PROBLEM DETAILS:
Only the lines below from the one containing "VINTAGE LS STARRETT" through the one containing "В появлении общераспространенных" belong in the answer, repeated exactly and without pictures.
++++++
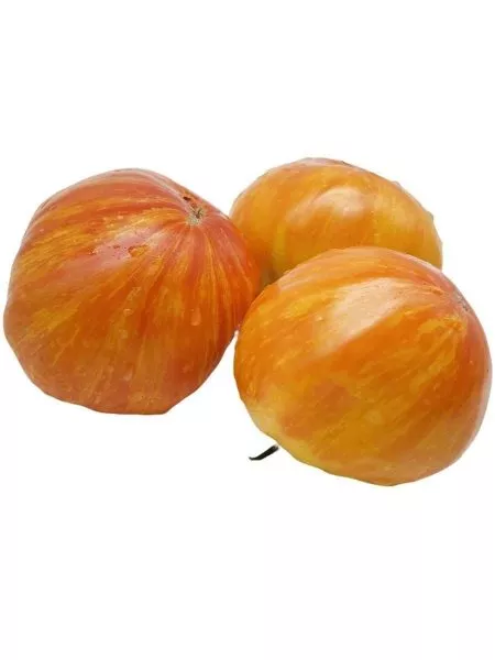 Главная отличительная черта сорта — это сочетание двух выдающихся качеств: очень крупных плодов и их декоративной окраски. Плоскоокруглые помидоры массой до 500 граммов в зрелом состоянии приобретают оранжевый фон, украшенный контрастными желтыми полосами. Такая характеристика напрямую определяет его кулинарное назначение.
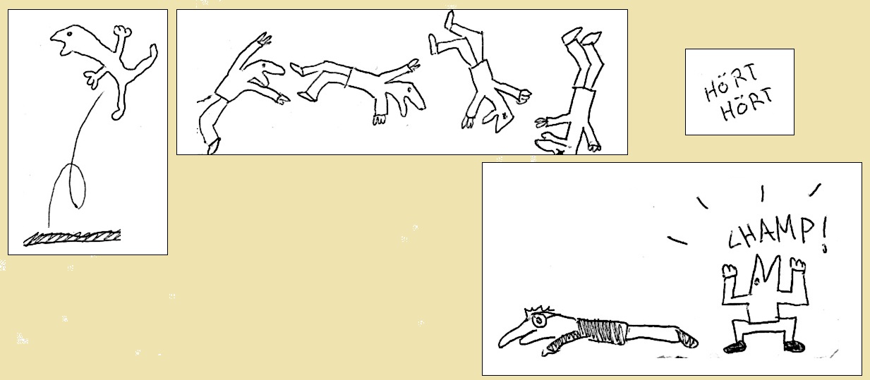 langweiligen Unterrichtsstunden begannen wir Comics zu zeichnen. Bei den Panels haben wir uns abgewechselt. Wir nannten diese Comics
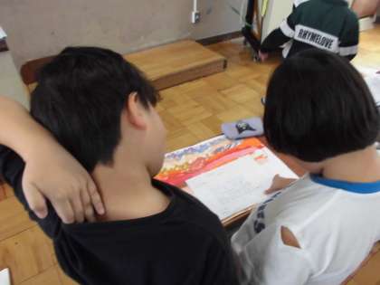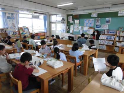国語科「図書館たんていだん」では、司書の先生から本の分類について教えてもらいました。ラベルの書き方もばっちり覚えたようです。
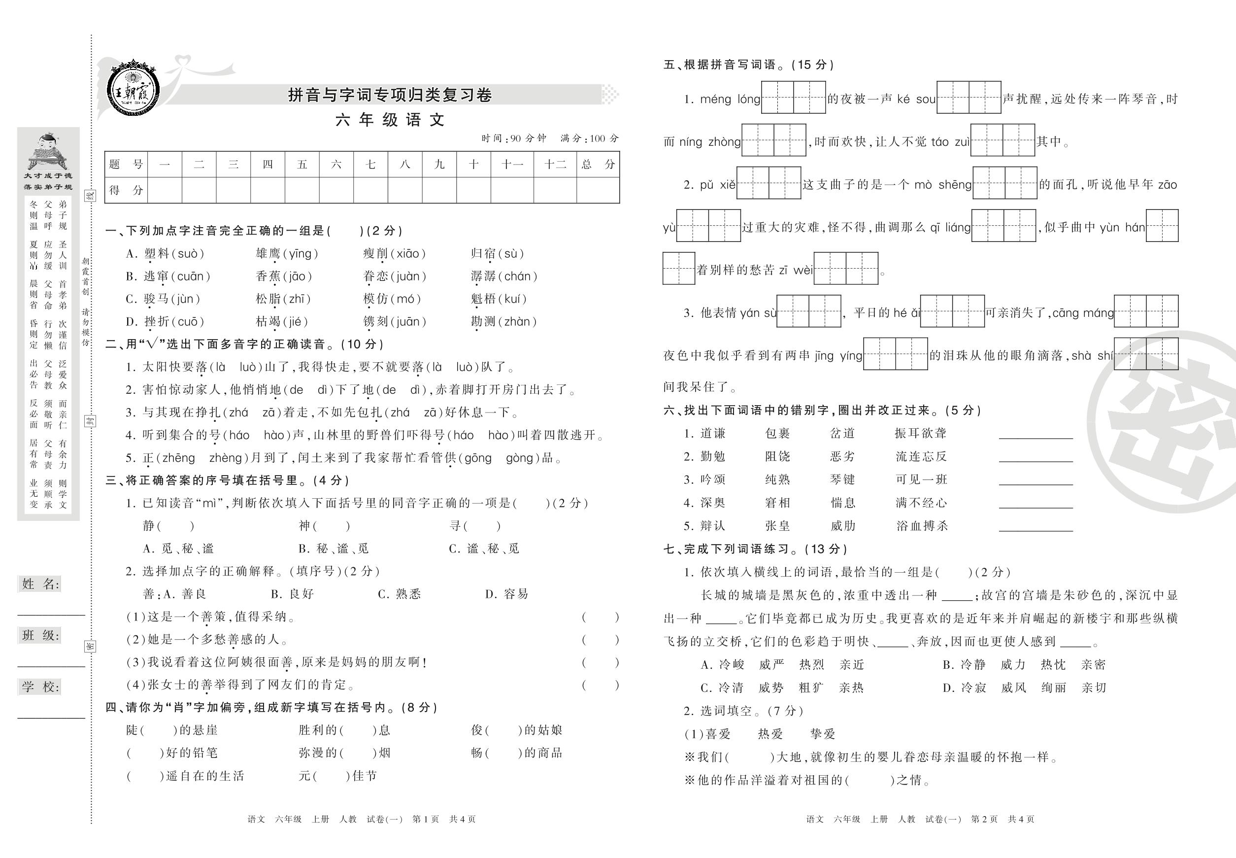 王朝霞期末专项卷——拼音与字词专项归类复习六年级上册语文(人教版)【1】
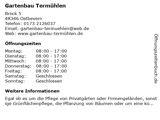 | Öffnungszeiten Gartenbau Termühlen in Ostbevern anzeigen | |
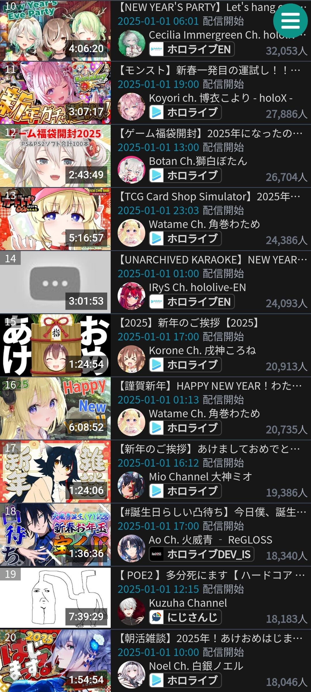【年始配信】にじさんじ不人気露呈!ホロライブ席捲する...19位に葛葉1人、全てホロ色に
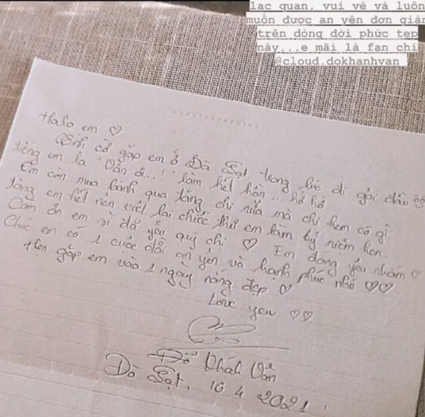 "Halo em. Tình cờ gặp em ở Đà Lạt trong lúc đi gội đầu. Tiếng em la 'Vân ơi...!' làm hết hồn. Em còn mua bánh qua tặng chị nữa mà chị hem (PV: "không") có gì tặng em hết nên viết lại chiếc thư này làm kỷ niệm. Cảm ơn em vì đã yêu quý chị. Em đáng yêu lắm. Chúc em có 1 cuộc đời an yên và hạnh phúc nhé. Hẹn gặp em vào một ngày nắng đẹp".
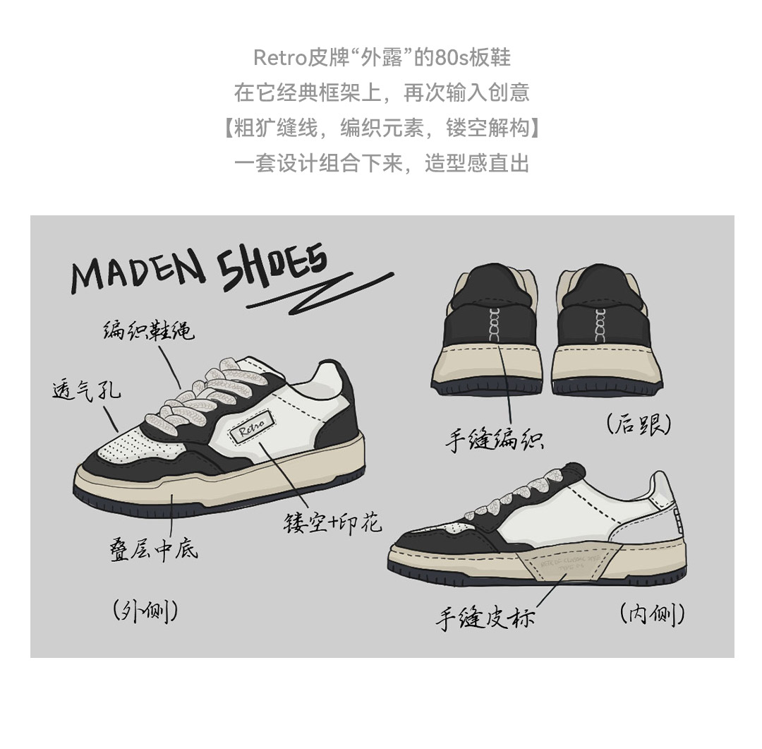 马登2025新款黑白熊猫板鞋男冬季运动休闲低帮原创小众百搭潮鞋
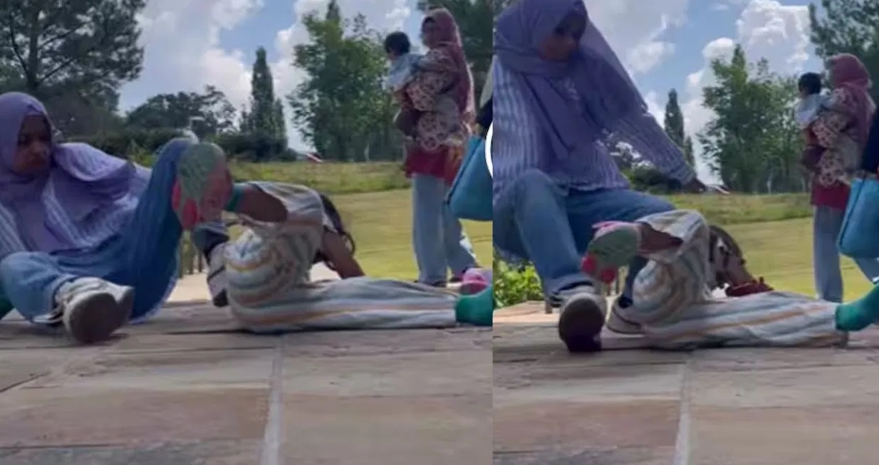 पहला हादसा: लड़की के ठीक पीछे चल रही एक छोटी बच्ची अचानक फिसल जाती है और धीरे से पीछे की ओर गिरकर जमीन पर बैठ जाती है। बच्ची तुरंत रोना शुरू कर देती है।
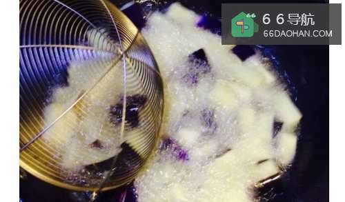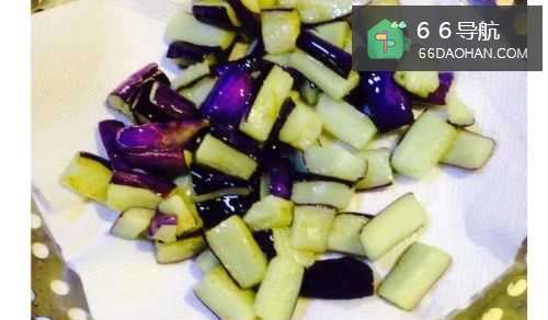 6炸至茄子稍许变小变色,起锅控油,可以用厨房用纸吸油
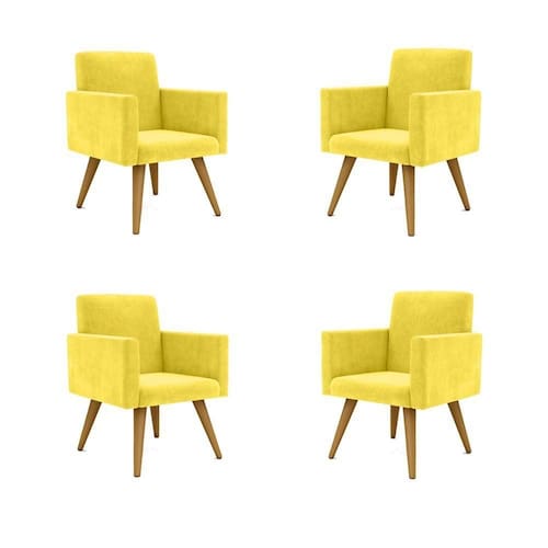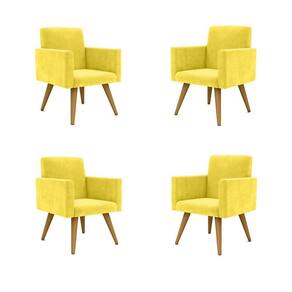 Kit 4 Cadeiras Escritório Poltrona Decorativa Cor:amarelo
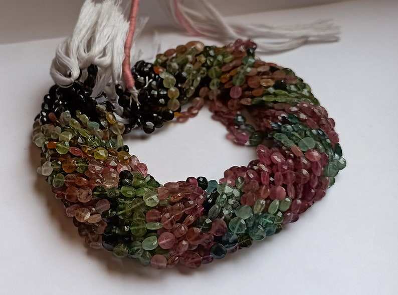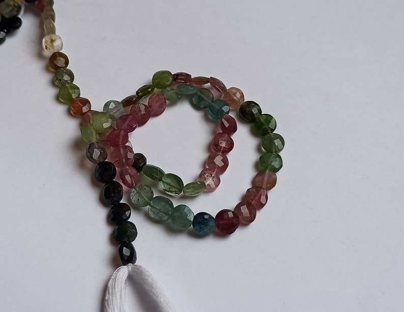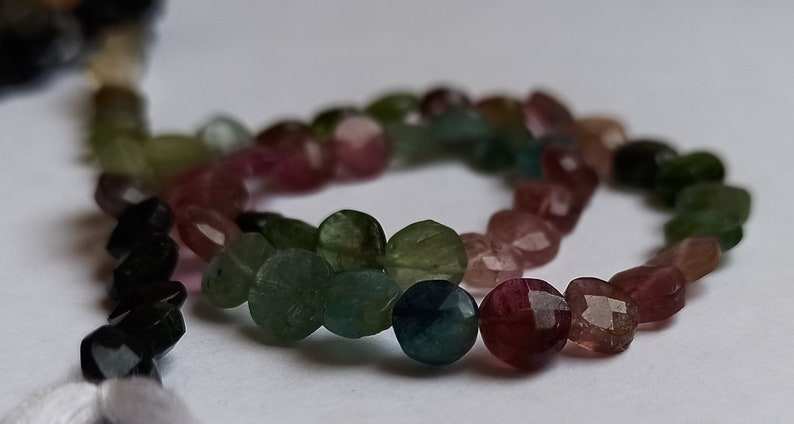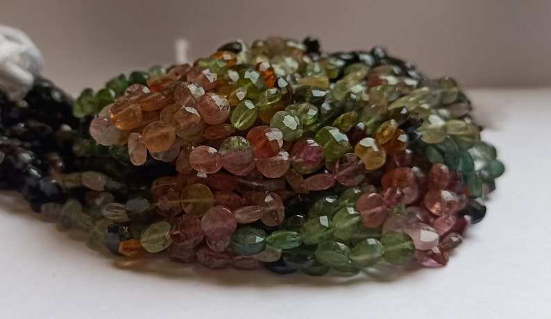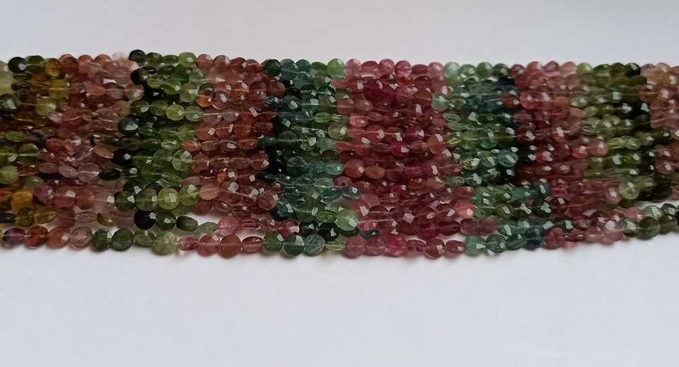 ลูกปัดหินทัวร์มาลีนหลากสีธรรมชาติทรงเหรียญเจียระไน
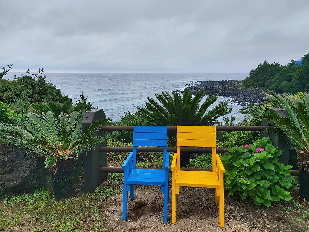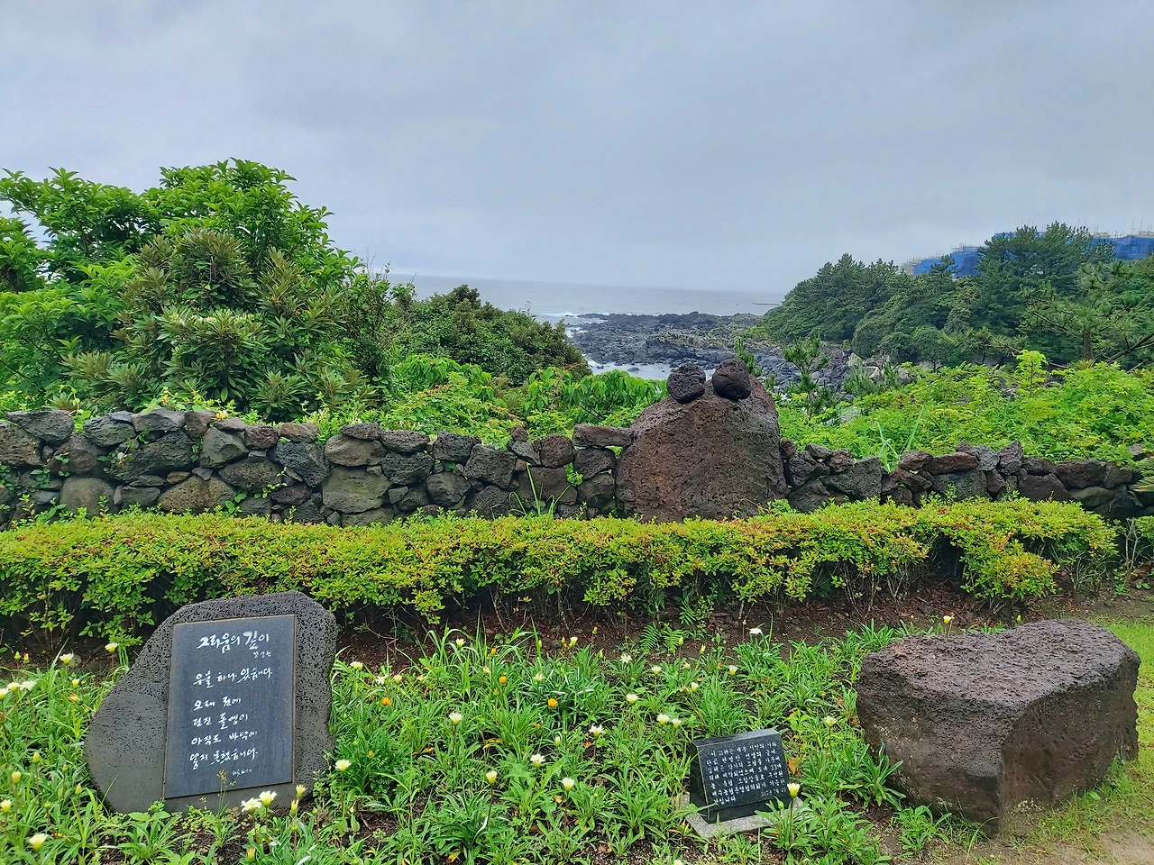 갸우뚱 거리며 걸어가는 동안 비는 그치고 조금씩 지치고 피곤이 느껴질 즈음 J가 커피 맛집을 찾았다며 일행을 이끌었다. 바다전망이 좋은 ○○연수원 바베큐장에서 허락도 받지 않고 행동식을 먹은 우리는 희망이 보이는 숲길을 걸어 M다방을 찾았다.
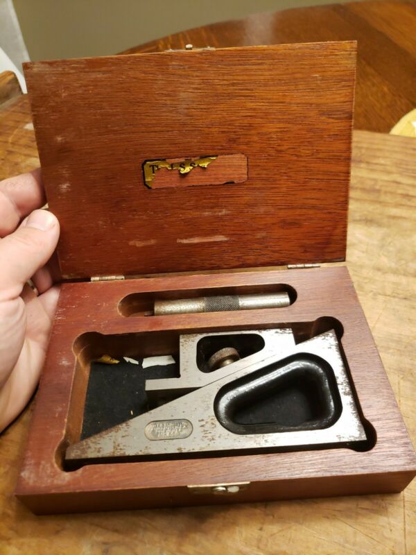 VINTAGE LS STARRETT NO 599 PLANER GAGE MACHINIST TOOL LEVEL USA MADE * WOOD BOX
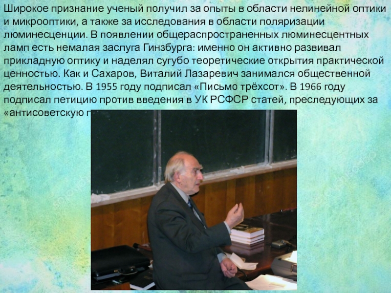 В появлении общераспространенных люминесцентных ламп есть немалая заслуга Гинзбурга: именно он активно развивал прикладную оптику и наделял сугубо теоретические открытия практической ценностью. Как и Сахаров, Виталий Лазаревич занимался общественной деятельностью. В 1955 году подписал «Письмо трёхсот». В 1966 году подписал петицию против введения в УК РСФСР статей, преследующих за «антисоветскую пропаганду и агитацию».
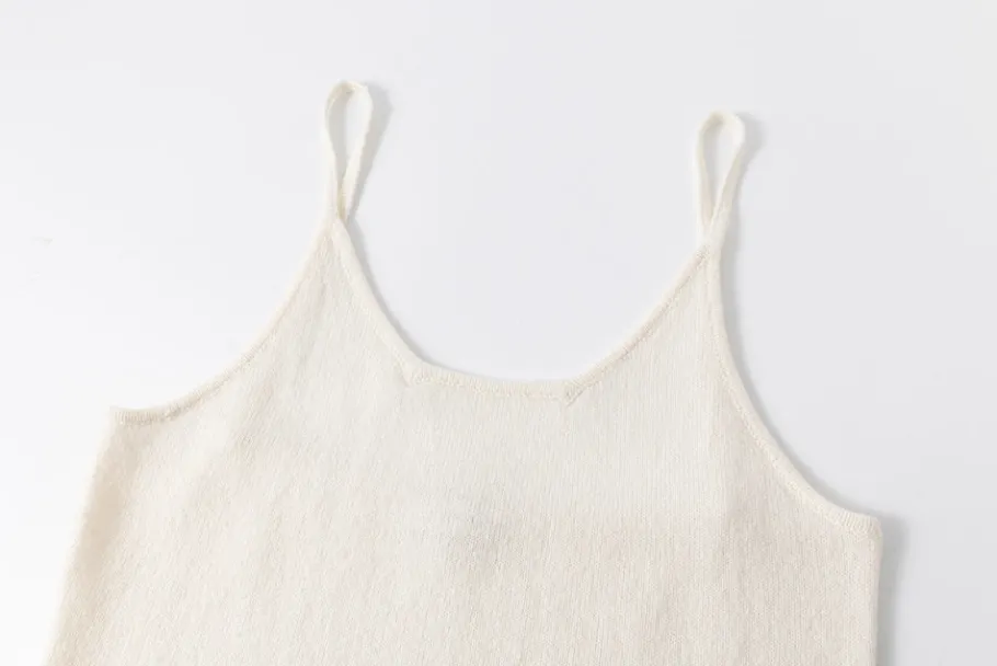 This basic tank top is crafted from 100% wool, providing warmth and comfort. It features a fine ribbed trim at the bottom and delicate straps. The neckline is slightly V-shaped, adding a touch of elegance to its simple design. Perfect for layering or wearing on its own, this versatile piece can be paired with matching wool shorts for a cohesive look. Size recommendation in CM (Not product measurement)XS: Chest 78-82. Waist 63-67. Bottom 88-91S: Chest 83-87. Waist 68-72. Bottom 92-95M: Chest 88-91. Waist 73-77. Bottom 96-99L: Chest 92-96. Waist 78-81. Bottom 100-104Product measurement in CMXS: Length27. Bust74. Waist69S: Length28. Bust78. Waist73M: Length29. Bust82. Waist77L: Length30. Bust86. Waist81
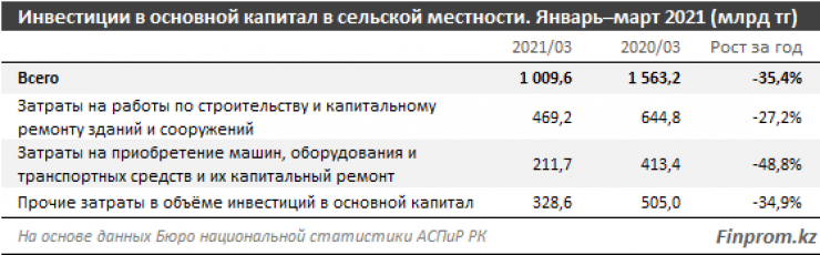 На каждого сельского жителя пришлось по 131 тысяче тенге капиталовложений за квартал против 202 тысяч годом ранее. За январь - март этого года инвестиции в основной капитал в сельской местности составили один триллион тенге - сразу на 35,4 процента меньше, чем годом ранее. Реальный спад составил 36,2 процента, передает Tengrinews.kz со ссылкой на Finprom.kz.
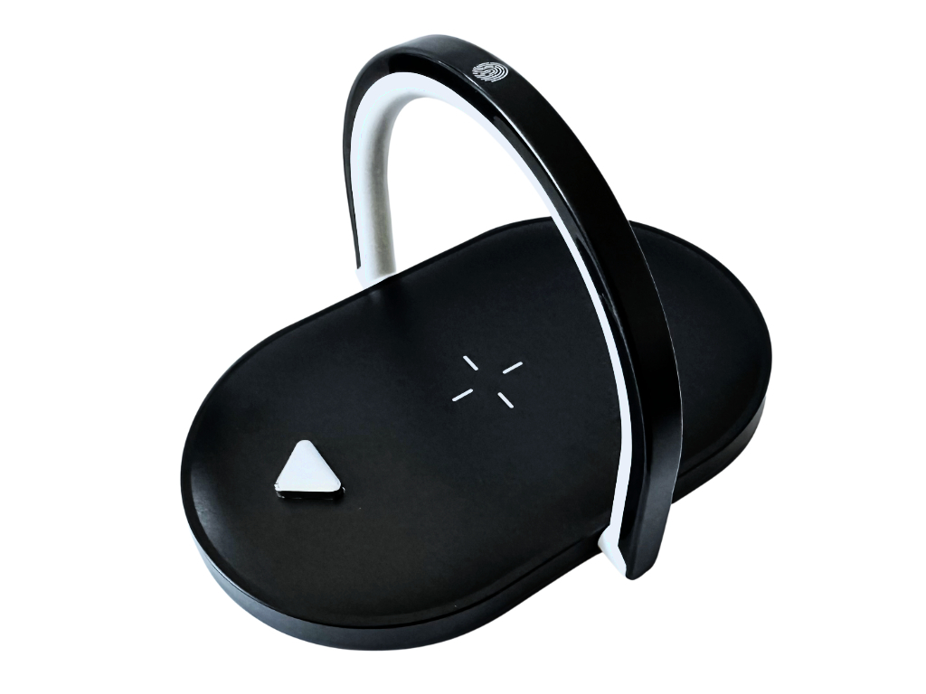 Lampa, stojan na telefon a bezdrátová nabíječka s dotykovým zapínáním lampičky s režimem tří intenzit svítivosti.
++++++
RESPONSE FOR THIS EXERCISE:
 VINTAGE LS STARRETT NO 599 PLANER GAGE MACHINIST TOOL LEVEL USA MADE * WOOD BOX
 В появлении общераспространенных люминесцентных ламп есть немалая заслуга Гинзбурга: именно он активно развивал прикладную оптику и наделял сугубо теоретические открытия практической ценностью. Как и Сахаров, Виталий Лазаревич занимался общественной деятельностью. В 1955 году подписал «Письмо трёхсот». В 1966 году подписал петицию против введения в УК РСФСР статей, преследующих за «антисоветскую пропаганду и агитацию».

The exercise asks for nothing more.